Well plan B is to kill spinlock_t.break_lock. That fixes everything and
has obvious beneficial side-effects.
a) x86 spinlock_t is but one byte. Can we stuff break_lock into the
same word?
(Yes, there's also a >128 CPUs spinlock overflow problem to solve,
but perhaps we can use lock;addw?)
b) Redesign the code somehow. Currently break_lock means "there's
someone waiting for this lock".
But if we were to leave the lock in a decremented state while
spinning (as we've always done), that info is still present via the
value of spinlock_t.slock. Hence: bye-bye break_lock.

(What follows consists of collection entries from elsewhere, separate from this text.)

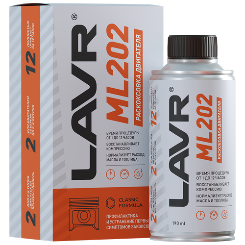 Раскоксовка двигателя ML202 – классическая жидкая формула для раскоксовки цилиндро-поршневой группы. Состав подходит для очистки всех типов бензиновых и дизельных двигателей, у которых впервые или недавно диагностированы симптомы закоксовки. Обладает высокой проникающей способностью и щадящим воздействием: после применения этой раскоксовки двигатель можно эксплуатировать на повышенных оборотах. Эффективно устраняет такие проблемы как средний перерасход масла, снижение мощности, ухудшение динамики и приемистости, повышенный расход топлива, разность компрессии в цилиндрах. Продукт рекомендуется к применению при регулярной эксплуатации в условиях городского трафика. Время воздействия варьируется в зависимости от степени загрязнения двигателя до 12 часов без риска повредить резиновые уплотнители, краску поддона картера и антифрикционные покрытия цилиндров. Раскоксовка двигателя ML202 подходит для применения в бензиновых и дизельных двигателях любого типа.Применяется при первых признаках закоксовкиРаскоксовывает компрессионные и маслосъемные кольцаВосстанавливает компрессию при отклонении от нормы от 15 – 20%Рекомендовано при расходе масла до 100 мл на 1000 км пробега на атмосферных двигателях и до 500 мл на 1000 км пробега на турбированных двигателяхСнижает расход масла и топливаВремя воздействия от 1 до 12 часовВыпускаемая упаковка рассчитаны на двигатели объемом до 2,0 LНе требует снятия поддона картераПроведение процедуры производится с обязательной заменой маслаВ комплект входит подробная инструкция по применению раскоксовки, удлинительная трубочка и шприц
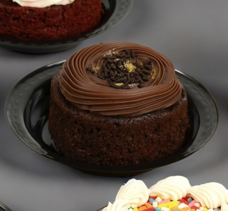 Bizocho de vainilla, bañado en jarabe de licor de café, relleno de chocolate, crumble y cubierto de Betún de queso crema.
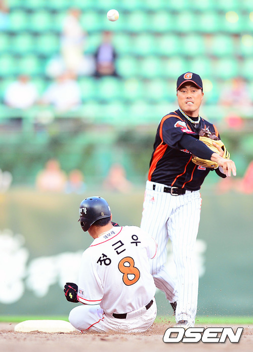 21일 오후 인천 문학구장에서 열린 '2012 팔도 프로야구' SK 와이번스와 롯데 자이언츠의 경기에서 1회말 1사 주자 1루 SK 최정의 유격수 앞 병살타때 롯데 2루수 조성환이 2루에서 정근우를 포스아웃 시킨 후 1루로 송구하고 있다.
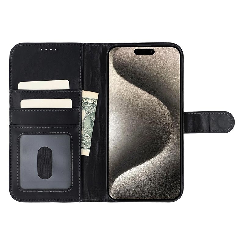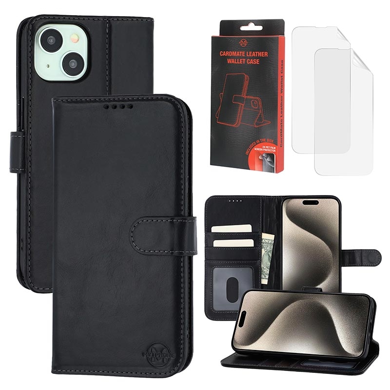 • Capa de couro para carteira MyTPhone CardMate Premium para iPhone 15 - Suporte de pé, suporte para cartões, suporte para carregamento sem fios, 2 protecções de ecrã

c) Make the break_lock stuff a new config option,
CONFIG_SUPER_LOW_LATENCY_BLOATS_STRUCT_PAGE.
d) Revert it wholesale, have sucky SMP worst-case latency ;)
Andrew Morton <[email protected]> wrote:
>
> Well plan B is to kill spinlock_t.break_lock.
And plan C is to use a bit_spinlock() against page->flags.
Hugh Dickins <[email protected]> wrote:
>
> ...
>
> I'm quite pleased with the way it's worked out, but you were intending
> that the 64-bit arches should get along with 32-bit counts? Maybe.
That seems reasonsable for file pages. For the ZERO_PAGE the count can do
whatever it wants, because we'd never free them up.
* Andrew Morton <[email protected]> wrote:
> Andrew Morton <[email protected]> wrote:
> >
> > Well plan B is to kill spinlock_t.break_lock.
>
> And plan C is to use a bit_spinlock() against page->flags.
please dont. Bit-spinlock is a PITA because it is non-debuggable and
non-preempt-friendly. (In fact in -rt i have completely eliminated
bit_spinlock(), because it's also such a PITA to type-encapsulate it
sanely.)
Ingo
* Andrew Morton <[email protected]> wrote:
> > > But I think either a big patch or 2.95.x abandonment is preferable to this
> > > approach.
> >
> > Hmm, that's a pity.
>
> Well plan B is to kill spinlock_t.break_lock. That fixes everything
> and has obvious beneficial side-effects.
i'd really, really love to have this solved without restricting the type
flexibility of spinlocks.
do we really need 2.95.x support? gcc now produces smaller code with -S.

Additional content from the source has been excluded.